In any commerce setting, the concept of item similarity is very not straightforward. Two users usually buying same kinds of products can be considered as similar, but we cannot say the same about two items bought by same user.
There are two different concepts of item similarity for recommendation purposes. One is, if the two items are physically similar, for example : Blue Reebok Shoes and Red Reebok Shoes, and other is if they have functional dependency on each other, for example: Reebok Shoes and Reebok Socks.
For finding physically similar items, one can create a dictionary of attributes defining the product and do Jaccard similarity on those attributes.
For example:
Item A = {color: Blue, size: 10, material: Cotton, brand: Reebok}
Item B = {color: Red, size: 10, material: Cotton, brand: Reebok}
Thus, the intersection of sets would be number of attributes that match up, i.e.

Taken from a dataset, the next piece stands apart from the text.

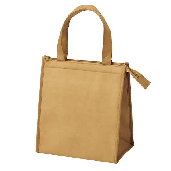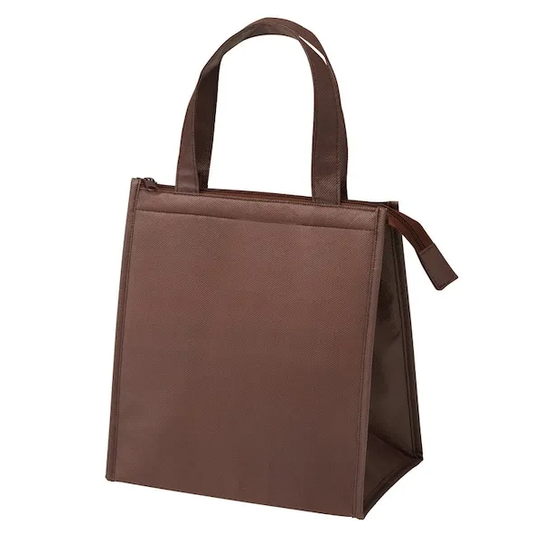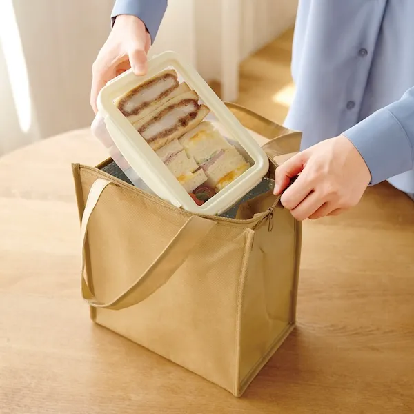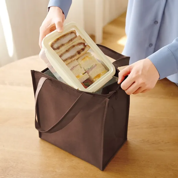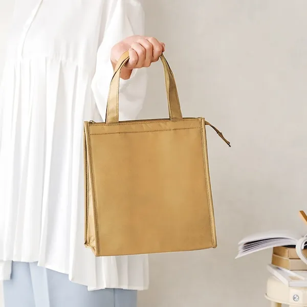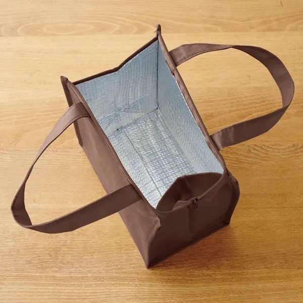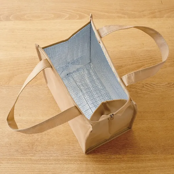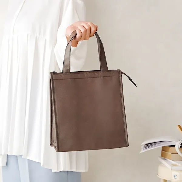 軽量で丈夫な不織布製。500mlペットボトルを立てて入れることができるサイズとシックな色味が特徴です。アルミ蒸着フィルムを使用した、シンプルで機能性の高いデザインなので、名入れ効果も長く期待できます。ファミリー向け、個人向けどちらのノベルティにもおすすめです。企業や会社の販促品・ノベルティでお困りの場合、おしゃれで安いオリジナルのものをご提案します。

Intersection(A,B) = {size, material, brand}
Union(A,B) = {color, size, material, brand}
Jaccard Index = 3/4 = 0.75
For finding behaviorally dependent items, one proxy that is generally used is more the two items are bought together in same session, more dependent they are for each other's functioning, thus more valuable recommendation. For this setting, one can create a matrix of products a user buys in a single session. For m
users and n
products it would be sparse m X n
matrix. If we read the same matrix column wise, that would be set of users who bought the item in a particular session.
Thus,
Item A = {Ua, Ub, Uc}
Item B = {Ub, Ud}
Jaccard Index = 1/4 = 0.25